Black no se preocupa por todo esto en términos de los principios generales de un método riguroso. Él siente que si un arquetipo, por confuso que pueda ser en sus detalles, es suficientemente rico en poder implicativo, puede llegar a ser un instrumento especulativo útil. Si el arquetipo es suficientemente fructífero, lógicos  y matemáticos, eventualmente, pondrán su cosecha en orden. “Habrá siempre técnicos competentes a quienes [en palabras de Lewin] se les pueda confiar la construcción de las autopistas «por las que los vehículos aerodinámicos de una lógica sumamente mecanizada, rápidos y eficaces, pueden alcanzar, siguiendo rutas fijas, todos los puntos importantes»” (p. 242).

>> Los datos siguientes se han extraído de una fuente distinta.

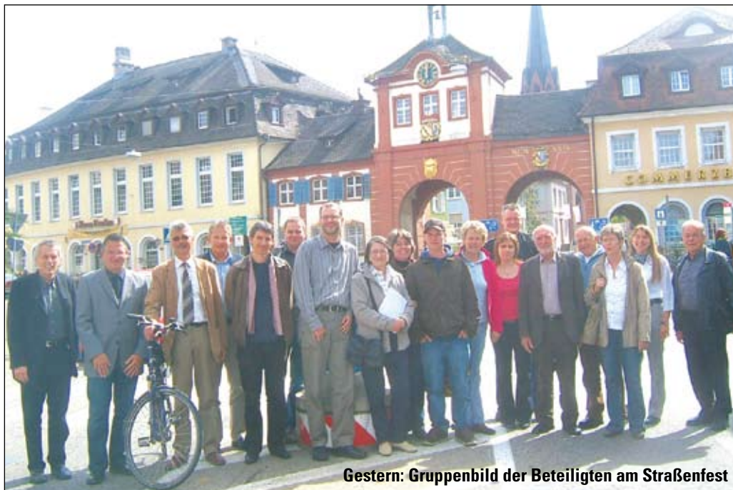
Gestern: Gruppenbild der Beteiligten am Straßenfest

Das Programm auf den Bühnen reicht von Blasmusik über Rock und Jazz bis hin zu Tanz, Artistik und Clownerei. Fortsetzung auf Seite 6.

Aquí tenemos, por supuesto, otro desinhibido aluvión de metáforas.  También Nisbet, igual que Black y Pepper, sostiene que “complejos sistemas filosóficos pueden originarse en premisas metafóricas”. Por ejemplo, el freudismo  —dice— “tendría escasa substancia una vez que se lo despoje de sus metáforas” (p. 5): el complejo de Edipo, los modelos topográfico y económico, los mecanismos de defensa, Eros y Thanatos, etc. El marxismo, también, contempla los órdenes sociales como algo que se “forma embriónicamente” en las “matrices” de los órdenes precedentes, y concibe cada transición como un “nacimiento” que requiere la asistencia de una “partera”, la fuerza.  Tanto Black como Nisbet admiten la tenacidad y la potencia de las metáforas. Nisbet argumenta que lo que habitualmente llamamos revoluciones del pensamiento son a menudo no más que un reemplazo mutacional, en ciertos puntos críticos de la historia, de una metáfora fundacional por otra en la contemplación humana del universo, la sociedad y el sujeto. La comparación metafórica del universo con un organismo  producirá una serie de derivaciones; derivaciones que llegarán a ser postulados en complejos sistemas filosóficos. Pero cuando —como sucedió en el siglo XVII— se compara el universo con una máquina , no sólo las ciencias físicas, sino áreas enteras de la filosofía moral y de la psicología humana se ven afectadas (p. 6).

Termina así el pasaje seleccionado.